By the 18th and 19th century the popularity of botanical prints had reached its heights, while mass printing and lithograph allowed this demand to flourish. In 1787 William Curtis published the first issue of The Botanical Magazine, a platform for both illustrators and naturalists. This, the oldest journal of its kind, is still published today by The Royal Botanical Gardens at Kew, London. 

(following images from Curtis' Botanical Magazine, 1807)


In the modern world, the naturalist print feels full of nostalgia, intrigue, and exotica. In a pre-photographic era, the print itself was part curiosity, part travelogue, part historical record. As an artistic object, it cradles the thrill of the newly observed. Like peaking through the slit of an antiquated kinetoscope, the feeling is one of looking back upon a world still discovering itself. Despite its origins as an informational tool, the naturalist print somehow never truly feels like a work of pure realism.
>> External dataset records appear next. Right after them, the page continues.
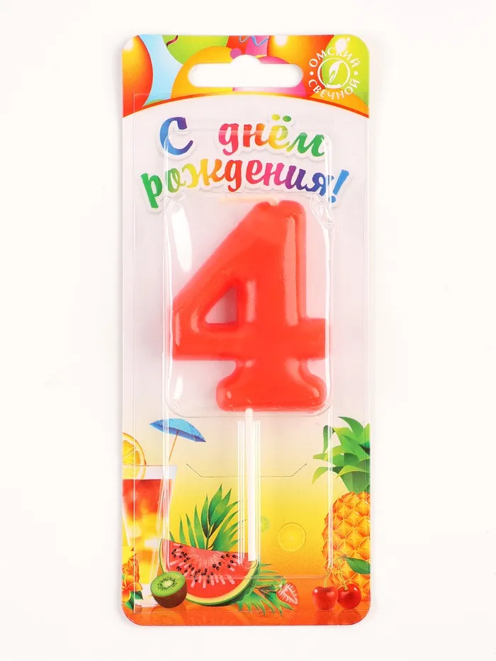 Свеча в торт «Красная», цифра 4 — Характеристики
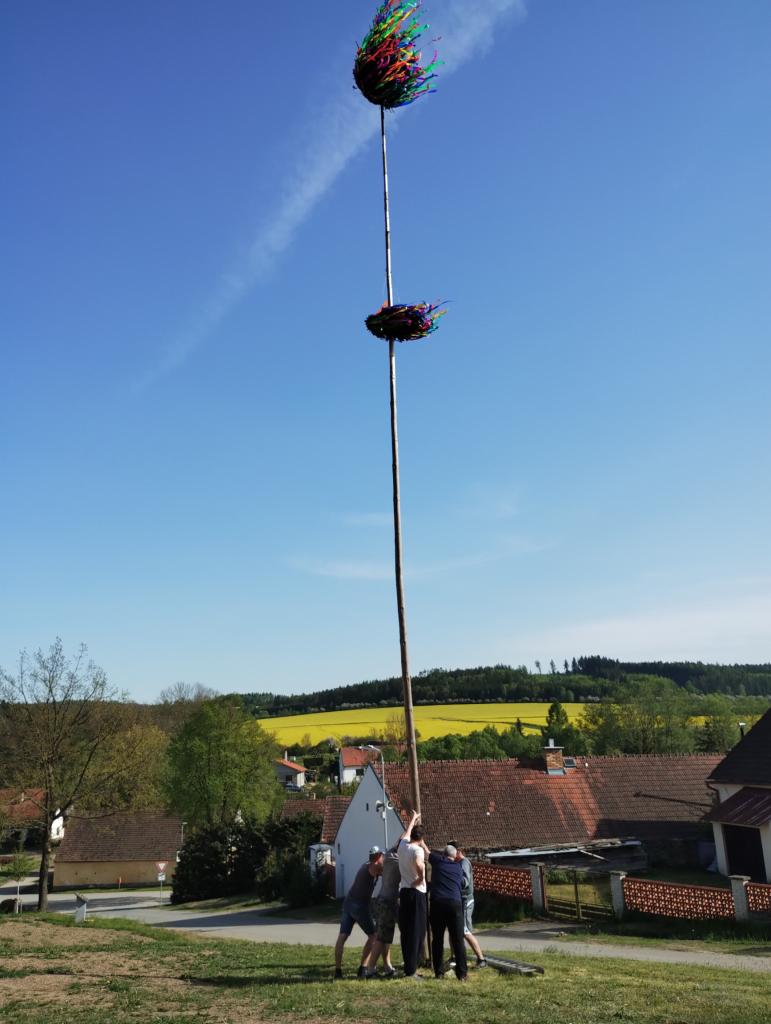 Bohužel tradice hlídání májky nekončí jen radostnými událostmi. V ranních hodinách byla májka po cca 30 letech podříznuta a její věnec byl ukraden. Trofej si odvezli do obce Kožlí.
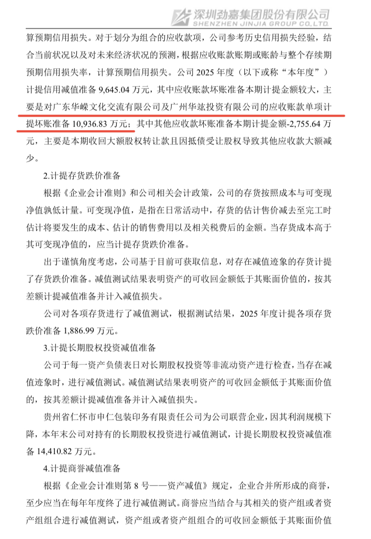 导语: 近日,深圳劲嘉集团股份有限公司(证券简称:劲嘉股份,证券代码:002191)发布《关于2025年度计提资产减值准备及预计负债的公告》。其中,对广州华竑投资有限公司(下称“广州华竑”)与广东华嵘文化交流有限公司(下称“广东华嵘”)合计高达3.9亿元的逾期应收账款,仅计提了10,936.83万元(约1.094亿元)的坏账准备,计提比例约为28.04%。这一处理引发市场广泛关注,其计提的充分性、合理性及是否符合《企业会计准则》的谨慎性原则,存在诸多疑问。
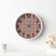 Cette horloge murale a un design boho de fleurs de corail se répétant à travers le design sur un champ de vert.
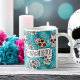 Eine farbenfrohe Tasse für den Tag der Toten, mit einer Vielfalt dekorativer Zuckerschädel mit Blume und wirlfarbenen Akzenten auf türkisblauem Hintergrund. Die angegebene Banner- und Textschicht "Feliz Dia de los Muertos" kann gelöscht werden, um dieses Design für andere Gelegenheiten oder den Alltag zu nutzen. Suchen Sie ID725 um andere Farbauswahl und Produkte mit diesem lustigen Muster zu sehen.
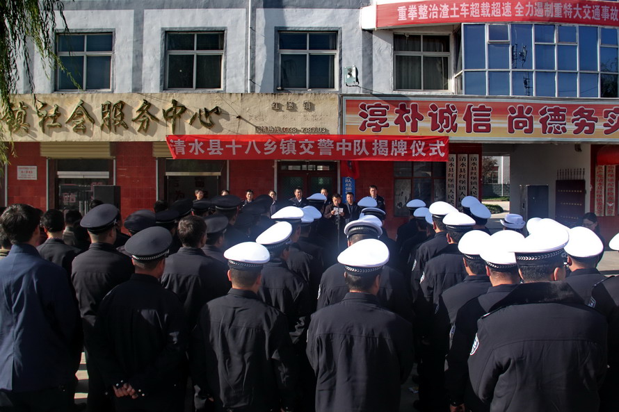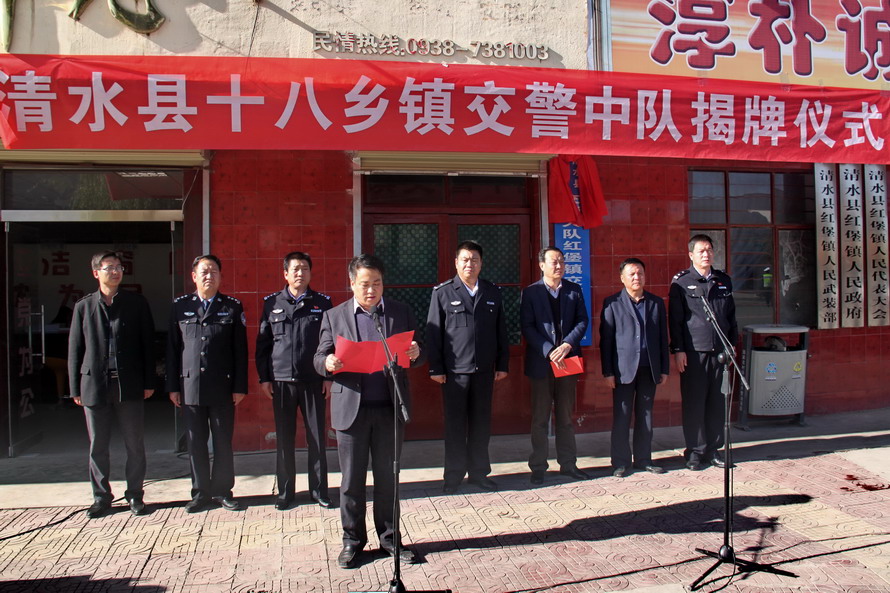 天天天水网讯 11月2日下午,清水县举行18乡镇交警中队揭牌仪式。市公安局交警支队副政委黄泰生,县委常委、常务副县长牛永祯,县委常委、政法委书记秦永斌出席揭牌仪式。18乡镇乡镇长、交管站长、交警中队全体人员,以及县公安局、安监局主要负责人,共计90余人参加了揭牌仪式。

Partial to artistic temperaments, romantic saturation of colour, and imaginative situations, to the modern eye they more closely resemble drawings in a children’s fantasy story than any sort of hard scientific evidence. For me, these depictions of flora and fauna will always evoke a sense of bespoke quirkiness that’s often un-retained in photography, now the premier medium for cataloging the natural world. 


Gang Gang Cockatoo, 1884
England, 1860
Germany, 1894





 So here were a lovely few to get us started. I’ll be featuring new examples whenever the fancy strikes me, grouped by categorical or thematic similarities.